(SUPPLIED RECORDS Opens)
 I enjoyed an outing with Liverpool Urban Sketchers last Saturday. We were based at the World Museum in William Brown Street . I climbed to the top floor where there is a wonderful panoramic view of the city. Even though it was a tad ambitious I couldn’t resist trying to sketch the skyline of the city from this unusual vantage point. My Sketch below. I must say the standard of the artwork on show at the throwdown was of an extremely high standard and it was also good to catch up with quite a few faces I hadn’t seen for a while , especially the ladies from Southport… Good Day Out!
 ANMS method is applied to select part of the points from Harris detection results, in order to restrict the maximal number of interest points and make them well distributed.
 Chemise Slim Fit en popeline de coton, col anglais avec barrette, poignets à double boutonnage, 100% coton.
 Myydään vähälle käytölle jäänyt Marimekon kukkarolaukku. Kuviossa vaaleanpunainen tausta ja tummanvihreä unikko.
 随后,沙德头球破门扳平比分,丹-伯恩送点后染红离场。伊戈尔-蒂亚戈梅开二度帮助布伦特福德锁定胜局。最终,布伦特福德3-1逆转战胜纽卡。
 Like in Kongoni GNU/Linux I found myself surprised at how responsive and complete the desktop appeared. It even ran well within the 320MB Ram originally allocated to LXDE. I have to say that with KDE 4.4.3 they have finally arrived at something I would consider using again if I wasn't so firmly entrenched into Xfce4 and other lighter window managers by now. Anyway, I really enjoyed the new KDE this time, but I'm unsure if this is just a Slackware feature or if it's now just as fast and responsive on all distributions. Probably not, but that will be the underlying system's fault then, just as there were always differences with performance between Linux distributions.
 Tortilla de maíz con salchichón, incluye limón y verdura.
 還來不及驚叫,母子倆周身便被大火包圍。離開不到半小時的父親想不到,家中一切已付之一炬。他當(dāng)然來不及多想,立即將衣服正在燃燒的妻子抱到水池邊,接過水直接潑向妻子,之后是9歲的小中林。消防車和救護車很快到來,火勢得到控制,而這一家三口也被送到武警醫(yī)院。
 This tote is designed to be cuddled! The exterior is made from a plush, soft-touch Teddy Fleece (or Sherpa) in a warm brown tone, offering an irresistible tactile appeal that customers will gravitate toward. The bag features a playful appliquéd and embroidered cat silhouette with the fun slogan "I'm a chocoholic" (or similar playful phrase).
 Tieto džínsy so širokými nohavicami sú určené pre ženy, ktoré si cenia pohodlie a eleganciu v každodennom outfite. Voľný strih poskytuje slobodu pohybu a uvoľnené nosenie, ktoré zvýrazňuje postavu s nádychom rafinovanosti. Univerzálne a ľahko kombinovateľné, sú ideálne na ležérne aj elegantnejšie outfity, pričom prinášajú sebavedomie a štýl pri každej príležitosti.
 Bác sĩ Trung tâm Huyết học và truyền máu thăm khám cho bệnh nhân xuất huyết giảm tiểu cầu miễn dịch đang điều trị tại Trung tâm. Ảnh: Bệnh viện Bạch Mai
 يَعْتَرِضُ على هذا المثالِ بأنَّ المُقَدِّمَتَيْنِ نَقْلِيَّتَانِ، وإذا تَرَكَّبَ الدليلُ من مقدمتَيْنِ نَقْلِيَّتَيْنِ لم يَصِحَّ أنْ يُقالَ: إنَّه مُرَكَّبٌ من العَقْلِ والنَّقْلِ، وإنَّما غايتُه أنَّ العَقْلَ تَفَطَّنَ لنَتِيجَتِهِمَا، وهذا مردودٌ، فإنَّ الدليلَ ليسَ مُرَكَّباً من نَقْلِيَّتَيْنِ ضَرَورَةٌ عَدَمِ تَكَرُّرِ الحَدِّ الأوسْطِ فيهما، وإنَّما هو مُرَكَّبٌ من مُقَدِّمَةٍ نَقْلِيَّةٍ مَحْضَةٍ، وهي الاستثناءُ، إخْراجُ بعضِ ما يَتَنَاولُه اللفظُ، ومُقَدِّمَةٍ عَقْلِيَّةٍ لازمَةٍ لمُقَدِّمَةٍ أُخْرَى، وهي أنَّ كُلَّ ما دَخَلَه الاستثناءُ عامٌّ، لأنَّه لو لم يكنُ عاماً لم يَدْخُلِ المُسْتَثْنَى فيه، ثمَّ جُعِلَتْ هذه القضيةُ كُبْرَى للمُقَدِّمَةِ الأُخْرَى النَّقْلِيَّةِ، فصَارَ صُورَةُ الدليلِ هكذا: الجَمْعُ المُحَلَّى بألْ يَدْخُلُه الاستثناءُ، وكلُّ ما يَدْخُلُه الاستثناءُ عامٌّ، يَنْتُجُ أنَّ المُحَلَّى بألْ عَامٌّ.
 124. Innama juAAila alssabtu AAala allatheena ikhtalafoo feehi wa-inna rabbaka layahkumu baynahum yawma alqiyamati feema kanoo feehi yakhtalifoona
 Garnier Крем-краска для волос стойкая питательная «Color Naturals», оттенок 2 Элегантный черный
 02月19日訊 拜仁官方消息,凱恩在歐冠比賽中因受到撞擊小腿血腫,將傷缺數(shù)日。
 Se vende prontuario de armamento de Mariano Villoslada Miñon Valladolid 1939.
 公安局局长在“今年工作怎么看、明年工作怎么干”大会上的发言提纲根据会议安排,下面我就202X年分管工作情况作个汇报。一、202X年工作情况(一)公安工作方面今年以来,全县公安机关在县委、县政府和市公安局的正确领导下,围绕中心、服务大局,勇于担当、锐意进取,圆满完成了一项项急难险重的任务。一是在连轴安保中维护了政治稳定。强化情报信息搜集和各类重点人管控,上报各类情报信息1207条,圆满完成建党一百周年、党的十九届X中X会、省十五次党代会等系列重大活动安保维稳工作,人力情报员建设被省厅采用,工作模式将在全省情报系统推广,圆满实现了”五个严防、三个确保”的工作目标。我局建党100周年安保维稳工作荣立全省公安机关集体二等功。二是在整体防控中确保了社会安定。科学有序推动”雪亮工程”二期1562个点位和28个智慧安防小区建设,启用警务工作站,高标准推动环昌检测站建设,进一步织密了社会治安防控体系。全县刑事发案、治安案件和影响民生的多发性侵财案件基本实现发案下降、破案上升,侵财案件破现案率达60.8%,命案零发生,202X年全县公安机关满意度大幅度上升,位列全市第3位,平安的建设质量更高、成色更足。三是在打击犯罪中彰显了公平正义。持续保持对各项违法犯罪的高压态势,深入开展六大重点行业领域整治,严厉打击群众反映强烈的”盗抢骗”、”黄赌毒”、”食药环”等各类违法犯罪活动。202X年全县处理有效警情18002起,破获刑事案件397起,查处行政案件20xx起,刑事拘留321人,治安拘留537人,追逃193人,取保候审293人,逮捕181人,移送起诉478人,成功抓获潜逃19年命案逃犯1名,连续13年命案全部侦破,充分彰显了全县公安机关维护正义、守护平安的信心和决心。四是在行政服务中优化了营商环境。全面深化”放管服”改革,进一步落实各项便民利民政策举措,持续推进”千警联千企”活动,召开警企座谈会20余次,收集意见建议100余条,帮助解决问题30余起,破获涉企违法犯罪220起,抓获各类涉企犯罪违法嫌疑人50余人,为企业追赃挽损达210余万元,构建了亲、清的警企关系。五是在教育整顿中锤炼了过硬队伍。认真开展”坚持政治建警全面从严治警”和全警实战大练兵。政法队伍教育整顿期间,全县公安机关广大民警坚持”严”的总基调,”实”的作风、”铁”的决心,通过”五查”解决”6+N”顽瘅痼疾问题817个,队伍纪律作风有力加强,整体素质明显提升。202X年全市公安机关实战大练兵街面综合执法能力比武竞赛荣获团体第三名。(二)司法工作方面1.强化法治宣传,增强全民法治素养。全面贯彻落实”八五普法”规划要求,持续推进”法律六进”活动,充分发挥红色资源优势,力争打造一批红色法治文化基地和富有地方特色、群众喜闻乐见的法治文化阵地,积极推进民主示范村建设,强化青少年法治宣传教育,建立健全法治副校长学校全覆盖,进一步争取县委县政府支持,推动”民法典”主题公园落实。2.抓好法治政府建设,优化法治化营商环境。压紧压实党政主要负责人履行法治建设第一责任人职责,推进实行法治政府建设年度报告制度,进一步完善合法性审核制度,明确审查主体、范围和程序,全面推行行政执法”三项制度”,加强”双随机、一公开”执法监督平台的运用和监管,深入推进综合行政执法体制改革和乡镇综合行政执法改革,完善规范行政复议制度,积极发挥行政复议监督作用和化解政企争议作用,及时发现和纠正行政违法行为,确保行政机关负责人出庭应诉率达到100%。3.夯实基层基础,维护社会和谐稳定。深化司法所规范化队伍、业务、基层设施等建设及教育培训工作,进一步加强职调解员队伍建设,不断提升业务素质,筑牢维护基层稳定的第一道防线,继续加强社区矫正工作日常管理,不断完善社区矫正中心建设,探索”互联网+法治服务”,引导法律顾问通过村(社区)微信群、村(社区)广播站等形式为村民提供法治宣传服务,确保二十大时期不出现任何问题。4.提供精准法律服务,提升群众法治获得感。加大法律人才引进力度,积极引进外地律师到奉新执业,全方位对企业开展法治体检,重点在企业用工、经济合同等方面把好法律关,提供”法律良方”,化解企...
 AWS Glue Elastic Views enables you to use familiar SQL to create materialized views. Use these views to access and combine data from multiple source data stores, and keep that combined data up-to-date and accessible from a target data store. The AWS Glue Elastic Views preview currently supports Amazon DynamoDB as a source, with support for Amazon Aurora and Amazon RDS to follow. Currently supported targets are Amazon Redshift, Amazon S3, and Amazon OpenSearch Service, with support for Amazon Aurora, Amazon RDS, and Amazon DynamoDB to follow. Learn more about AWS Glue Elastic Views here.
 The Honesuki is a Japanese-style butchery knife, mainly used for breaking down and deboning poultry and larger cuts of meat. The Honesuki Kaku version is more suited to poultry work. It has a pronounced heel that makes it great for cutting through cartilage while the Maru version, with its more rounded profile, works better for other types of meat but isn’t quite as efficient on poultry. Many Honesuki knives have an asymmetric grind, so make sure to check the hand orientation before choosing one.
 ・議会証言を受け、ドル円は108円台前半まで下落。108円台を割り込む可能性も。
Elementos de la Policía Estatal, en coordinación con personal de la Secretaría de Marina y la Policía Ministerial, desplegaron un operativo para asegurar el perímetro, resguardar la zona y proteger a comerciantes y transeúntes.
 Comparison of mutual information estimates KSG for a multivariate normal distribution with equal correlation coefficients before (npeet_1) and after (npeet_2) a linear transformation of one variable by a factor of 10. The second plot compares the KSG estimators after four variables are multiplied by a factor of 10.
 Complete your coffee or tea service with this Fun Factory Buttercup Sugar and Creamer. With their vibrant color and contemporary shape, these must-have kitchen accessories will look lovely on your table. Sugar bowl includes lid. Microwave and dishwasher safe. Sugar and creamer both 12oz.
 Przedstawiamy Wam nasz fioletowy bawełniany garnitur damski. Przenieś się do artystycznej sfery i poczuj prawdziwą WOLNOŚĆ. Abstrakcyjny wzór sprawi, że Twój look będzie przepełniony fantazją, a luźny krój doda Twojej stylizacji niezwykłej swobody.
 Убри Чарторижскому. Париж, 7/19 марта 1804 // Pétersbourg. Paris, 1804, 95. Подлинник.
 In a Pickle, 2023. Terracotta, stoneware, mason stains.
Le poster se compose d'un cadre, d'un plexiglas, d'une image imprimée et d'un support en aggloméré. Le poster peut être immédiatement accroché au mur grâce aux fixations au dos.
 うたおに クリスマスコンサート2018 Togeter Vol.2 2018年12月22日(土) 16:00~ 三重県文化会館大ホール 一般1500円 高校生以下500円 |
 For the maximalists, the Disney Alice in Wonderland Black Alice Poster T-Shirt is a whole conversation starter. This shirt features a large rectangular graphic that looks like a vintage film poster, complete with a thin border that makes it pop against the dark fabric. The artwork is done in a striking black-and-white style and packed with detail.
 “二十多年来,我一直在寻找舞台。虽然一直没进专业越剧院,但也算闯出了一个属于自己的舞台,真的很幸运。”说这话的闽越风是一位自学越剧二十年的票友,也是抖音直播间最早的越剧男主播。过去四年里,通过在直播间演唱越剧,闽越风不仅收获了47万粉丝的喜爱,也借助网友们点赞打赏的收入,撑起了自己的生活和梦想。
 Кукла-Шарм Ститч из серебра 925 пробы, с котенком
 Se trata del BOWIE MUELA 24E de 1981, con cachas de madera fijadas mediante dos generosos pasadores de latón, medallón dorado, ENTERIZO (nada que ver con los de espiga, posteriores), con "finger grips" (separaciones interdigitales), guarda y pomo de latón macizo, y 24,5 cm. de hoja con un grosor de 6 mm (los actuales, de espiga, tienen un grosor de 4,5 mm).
(SUPPLIED RECORDS Closes)
Please, from the material above, copy only the lines from the line with "ANMS method is" up to and including the line with "還來不及驚叫,母子倆周身便被", exactly as written.

RESPONSE ->
 ANMS method is applied to select part of the points from Harris detection results, in order to restrict the maximal number of interest points and make them well distributed.
 Chemise Slim Fit en popeline de coton, col anglais avec barrette, poignets à double boutonnage, 100% coton.
 Myydään vähälle käytölle jäänyt Marimekon kukkarolaukku. Kuviossa vaaleanpunainen tausta ja tummanvihreä unikko.
 随后,沙德头球破门扳平比分,丹-伯恩送点后染红离场。伊戈尔-蒂亚戈梅开二度帮助布伦特福德锁定胜局。最终,布伦特福德3-1逆转战胜纽卡。
 Like in Kongoni GNU/Linux I found myself surprised at how responsive and complete the desktop appeared. It even ran well within the 320MB Ram originally allocated to LXDE. I have to say that with KDE 4.4.3 they have finally arrived at something I would consider using again if I wasn't so firmly entrenched into Xfce4 and other lighter window managers by now. Anyway, I really enjoyed the new KDE this time, but I'm unsure if this is just a Slackware feature or if it's now just as fast and responsive on all distributions. Probably not, but that will be the underlying system's fault then, just as there were always differences with performance between Linux distributions.
 Tortilla de maíz con salchichón, incluye limón y verdura.
 還來不及驚叫,母子倆周身便被大火包圍。離開不到半小時的父親想不到,家中一切已付之一炬。他當(dāng)然來不及多想,立即將衣服正在燃燒的妻子抱到水池邊,接過水直接潑向妻子,之后是9歲的小中林。消防車和救護車很快到來,火勢得到控制,而這一家三口也被送到武警醫(yī)院。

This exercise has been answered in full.